Dataset entries:
☆ ☆ ☆

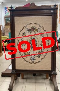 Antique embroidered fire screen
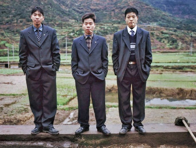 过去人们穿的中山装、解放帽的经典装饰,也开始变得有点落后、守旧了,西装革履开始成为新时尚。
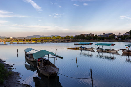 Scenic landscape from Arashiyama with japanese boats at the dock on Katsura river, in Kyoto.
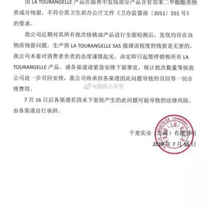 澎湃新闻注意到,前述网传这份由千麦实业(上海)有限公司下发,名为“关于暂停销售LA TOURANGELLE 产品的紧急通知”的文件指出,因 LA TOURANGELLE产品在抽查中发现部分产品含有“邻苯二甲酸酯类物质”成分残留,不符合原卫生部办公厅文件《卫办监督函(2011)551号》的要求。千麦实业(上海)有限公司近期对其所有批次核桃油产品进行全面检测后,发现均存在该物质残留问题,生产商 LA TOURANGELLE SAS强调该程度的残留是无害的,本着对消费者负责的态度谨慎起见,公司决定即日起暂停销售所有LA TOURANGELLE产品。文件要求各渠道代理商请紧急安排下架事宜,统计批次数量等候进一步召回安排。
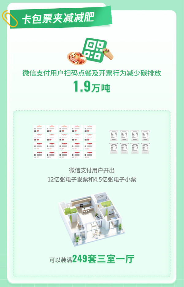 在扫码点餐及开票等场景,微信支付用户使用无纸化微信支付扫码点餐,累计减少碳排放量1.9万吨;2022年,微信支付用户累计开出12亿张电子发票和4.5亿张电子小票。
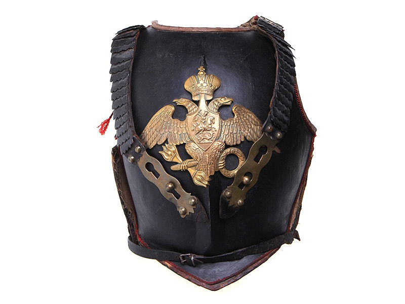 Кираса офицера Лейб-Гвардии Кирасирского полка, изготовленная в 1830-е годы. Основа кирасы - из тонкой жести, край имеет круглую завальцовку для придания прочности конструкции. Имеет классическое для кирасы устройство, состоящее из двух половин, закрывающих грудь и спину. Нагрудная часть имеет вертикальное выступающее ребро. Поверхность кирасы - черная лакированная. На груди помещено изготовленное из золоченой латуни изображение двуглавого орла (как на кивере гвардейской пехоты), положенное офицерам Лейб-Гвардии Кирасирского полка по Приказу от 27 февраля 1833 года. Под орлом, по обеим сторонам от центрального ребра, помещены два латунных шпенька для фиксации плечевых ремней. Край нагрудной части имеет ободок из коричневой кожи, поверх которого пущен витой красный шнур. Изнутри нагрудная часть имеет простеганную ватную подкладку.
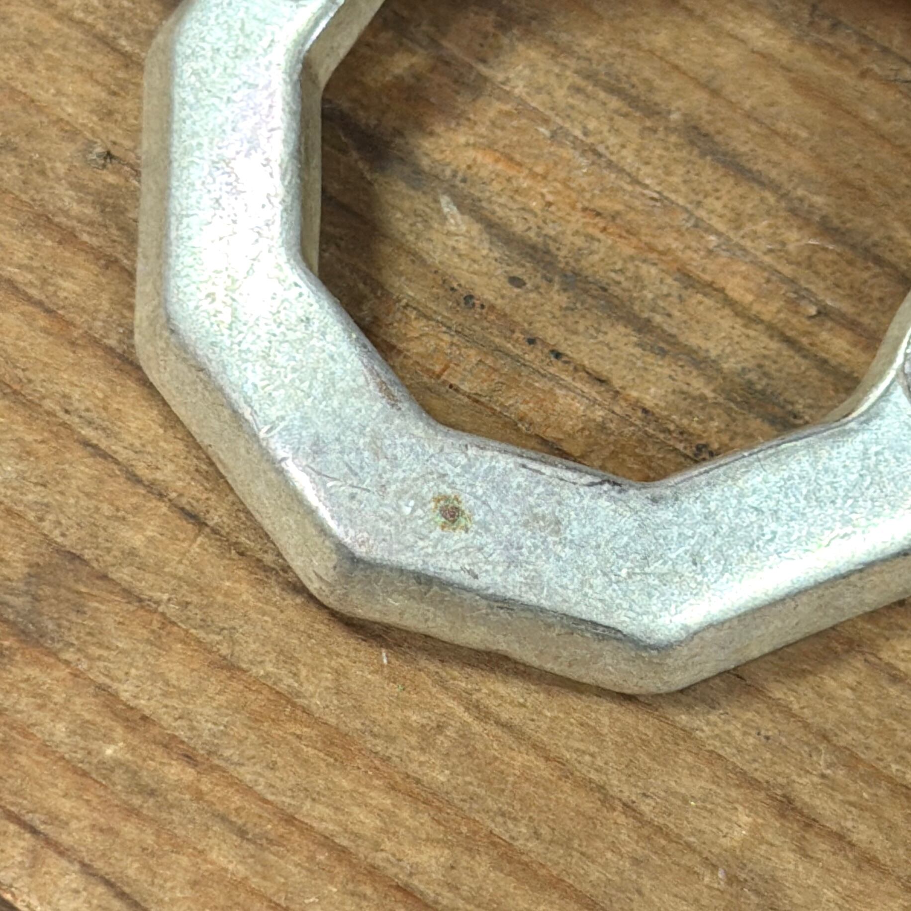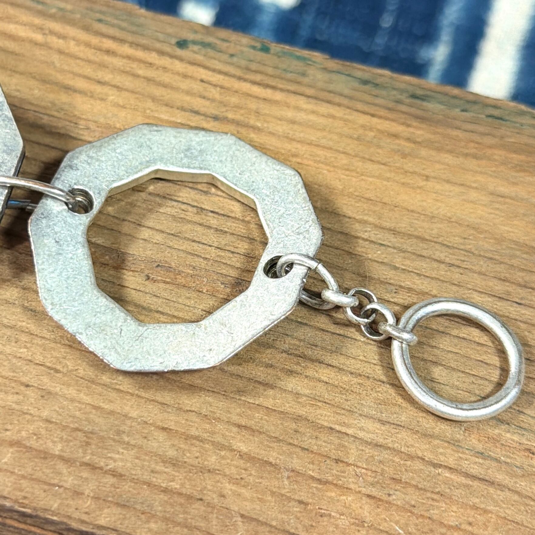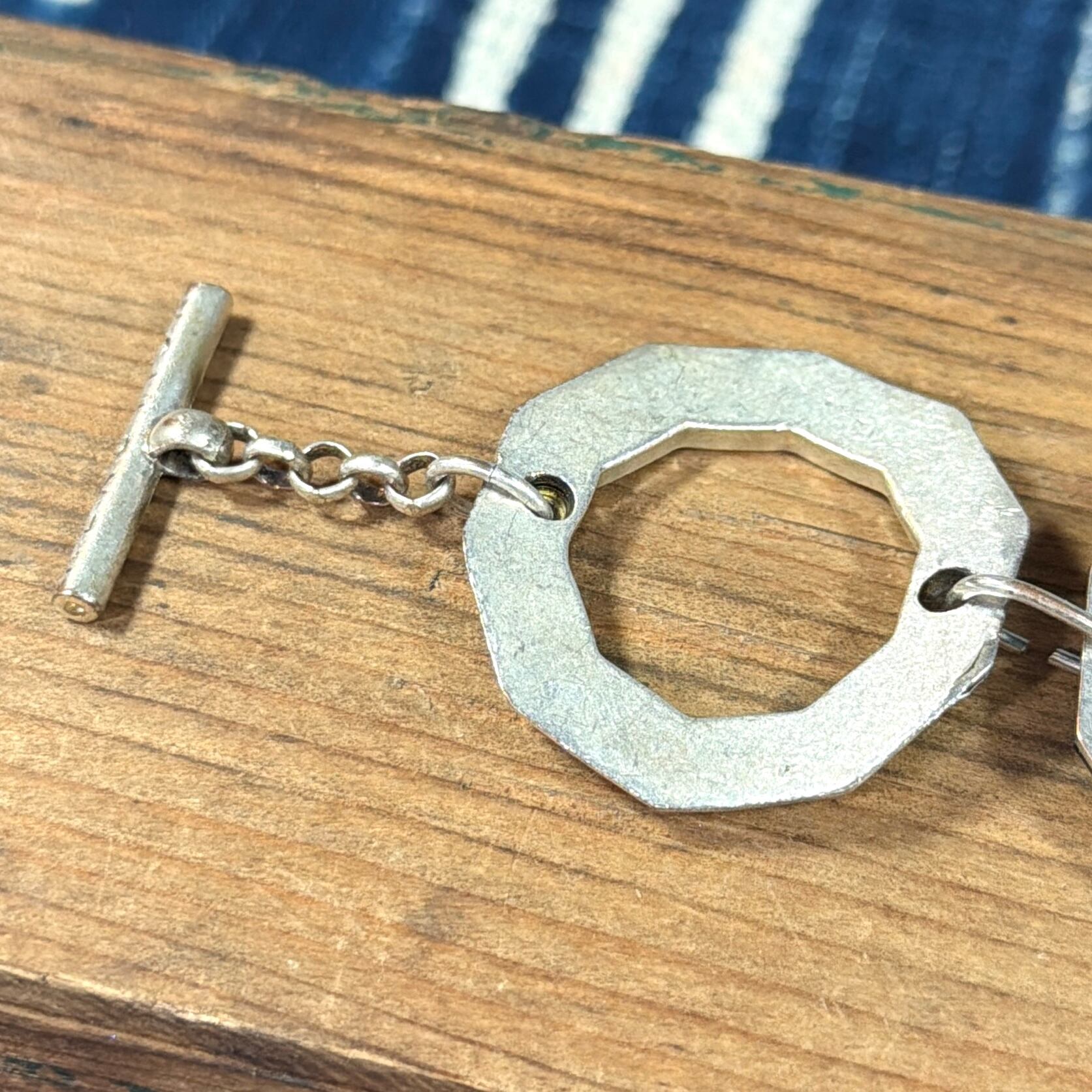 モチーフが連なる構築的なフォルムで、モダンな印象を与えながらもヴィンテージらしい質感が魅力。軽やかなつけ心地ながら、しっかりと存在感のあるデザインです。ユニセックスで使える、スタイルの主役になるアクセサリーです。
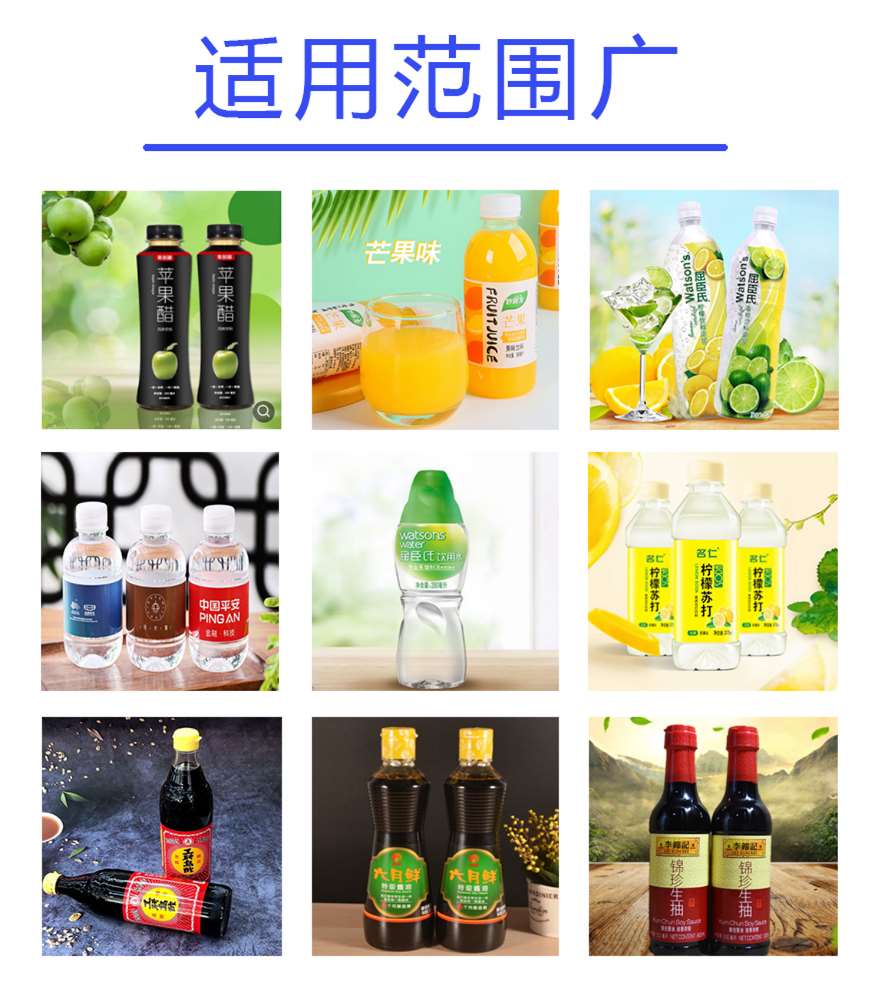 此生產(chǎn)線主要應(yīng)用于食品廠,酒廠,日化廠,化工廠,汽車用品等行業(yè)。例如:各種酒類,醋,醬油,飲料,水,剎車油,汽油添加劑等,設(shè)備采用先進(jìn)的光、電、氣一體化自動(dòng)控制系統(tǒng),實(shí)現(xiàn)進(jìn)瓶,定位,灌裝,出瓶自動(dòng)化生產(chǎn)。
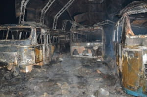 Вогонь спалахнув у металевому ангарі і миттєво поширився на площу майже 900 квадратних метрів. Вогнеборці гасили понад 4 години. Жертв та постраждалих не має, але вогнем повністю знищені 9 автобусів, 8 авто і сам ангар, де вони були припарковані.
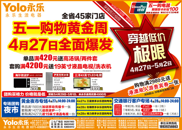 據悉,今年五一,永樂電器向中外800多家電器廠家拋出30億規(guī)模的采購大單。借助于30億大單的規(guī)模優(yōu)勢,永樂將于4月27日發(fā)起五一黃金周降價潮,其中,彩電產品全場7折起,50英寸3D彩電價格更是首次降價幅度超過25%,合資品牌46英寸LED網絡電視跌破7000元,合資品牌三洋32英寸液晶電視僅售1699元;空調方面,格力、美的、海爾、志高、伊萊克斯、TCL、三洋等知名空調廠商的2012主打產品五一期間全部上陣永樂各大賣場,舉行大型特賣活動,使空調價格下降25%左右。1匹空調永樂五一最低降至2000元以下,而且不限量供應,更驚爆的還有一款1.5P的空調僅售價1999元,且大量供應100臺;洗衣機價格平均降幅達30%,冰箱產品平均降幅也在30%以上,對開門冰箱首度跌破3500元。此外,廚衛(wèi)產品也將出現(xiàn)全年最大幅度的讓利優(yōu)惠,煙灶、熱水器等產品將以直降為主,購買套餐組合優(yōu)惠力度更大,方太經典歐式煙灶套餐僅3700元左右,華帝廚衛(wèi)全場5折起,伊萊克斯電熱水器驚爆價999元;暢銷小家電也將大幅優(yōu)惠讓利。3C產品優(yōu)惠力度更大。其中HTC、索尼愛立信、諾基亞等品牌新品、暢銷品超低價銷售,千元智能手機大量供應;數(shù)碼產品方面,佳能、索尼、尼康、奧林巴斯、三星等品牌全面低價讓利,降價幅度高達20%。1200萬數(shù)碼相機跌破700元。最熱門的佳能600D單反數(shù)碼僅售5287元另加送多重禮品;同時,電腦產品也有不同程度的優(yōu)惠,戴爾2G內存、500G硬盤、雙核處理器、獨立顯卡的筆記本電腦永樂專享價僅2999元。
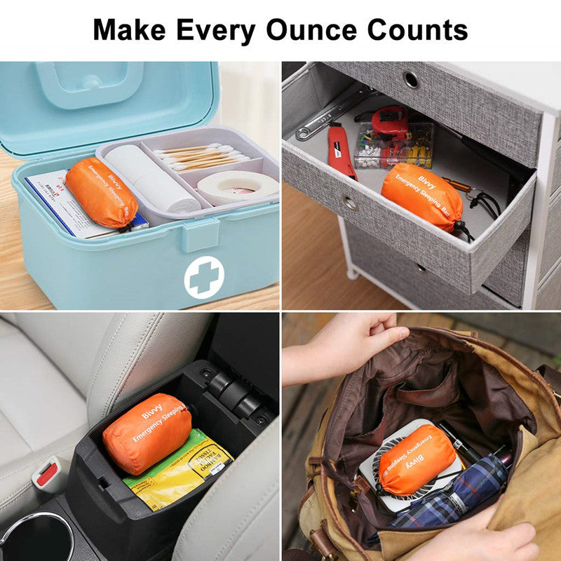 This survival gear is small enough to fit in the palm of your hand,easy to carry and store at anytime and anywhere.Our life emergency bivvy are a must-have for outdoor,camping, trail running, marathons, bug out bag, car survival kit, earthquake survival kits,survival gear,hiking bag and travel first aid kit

☆ ☆ ☆

**Exercise details**
Copy exactly the lines of the entries above from the one containing "Вогонь спалахнув у" through the one containing "據悉,今年五一,永樂電器向中". Both end lines count; pictures do not.

**Worked solution**
 Вогонь спалахнув у металевому ангарі і миттєво поширився на площу майже 900 квадратних метрів. Вогнеборці гасили понад 4 години. Жертв та постраждалих не має, але вогнем повністю знищені 9 автобусів, 8 авто і сам ангар, де вони були припарковані.
 據悉,今年五一,永樂電器向中外800多家電器廠家拋出30億規(guī)模的采購大單。借助于30億大單的規(guī)模優(yōu)勢,永樂將于4月27日發(fā)起五一黃金周降價潮,其中,彩電產品全場7折起,50英寸3D彩電價格更是首次降價幅度超過25%,合資品牌46英寸LED網絡電視跌破7000元,合資品牌三洋32英寸液晶電視僅售1699元;空調方面,格力、美的、海爾、志高、伊萊克斯、TCL、三洋等知名空調廠商的2012主打產品五一期間全部上陣永樂各大賣場,舉行大型特賣活動,使空調價格下降25%左右。1匹空調永樂五一最低降至2000元以下,而且不限量供應,更驚爆的還有一款1.5P的空調僅售價1999元,且大量供應100臺;洗衣機價格平均降幅達30%,冰箱產品平均降幅也在30%以上,對開門冰箱首度跌破3500元。此外,廚衛(wèi)產品也將出現(xiàn)全年最大幅度的讓利優(yōu)惠,煙灶、熱水器等產品將以直降為主,購買套餐組合優(yōu)惠力度更大,方太經典歐式煙灶套餐僅3700元左右,華帝廚衛(wèi)全場5折起,伊萊克斯電熱水器驚爆價999元;暢銷小家電也將大幅優(yōu)惠讓利。3C產品優(yōu)惠力度更大。其中HTC、索尼愛立信、諾基亞等品牌新品、暢銷品超低價銷售,千元智能手機大量供應;數(shù)碼產品方面,佳能、索尼、尼康、奧林巴斯、三星等品牌全面低價讓利,降價幅度高達20%。1200萬數(shù)碼相機跌破700元。最熱門的佳能600D單反數(shù)碼僅售5287元另加送多重禮品;同時,電腦產品也有不同程度的優(yōu)惠,戴爾2G內存、500G硬盤、雙核處理器、獨立顯卡的筆記本電腦永樂專享價僅2999元。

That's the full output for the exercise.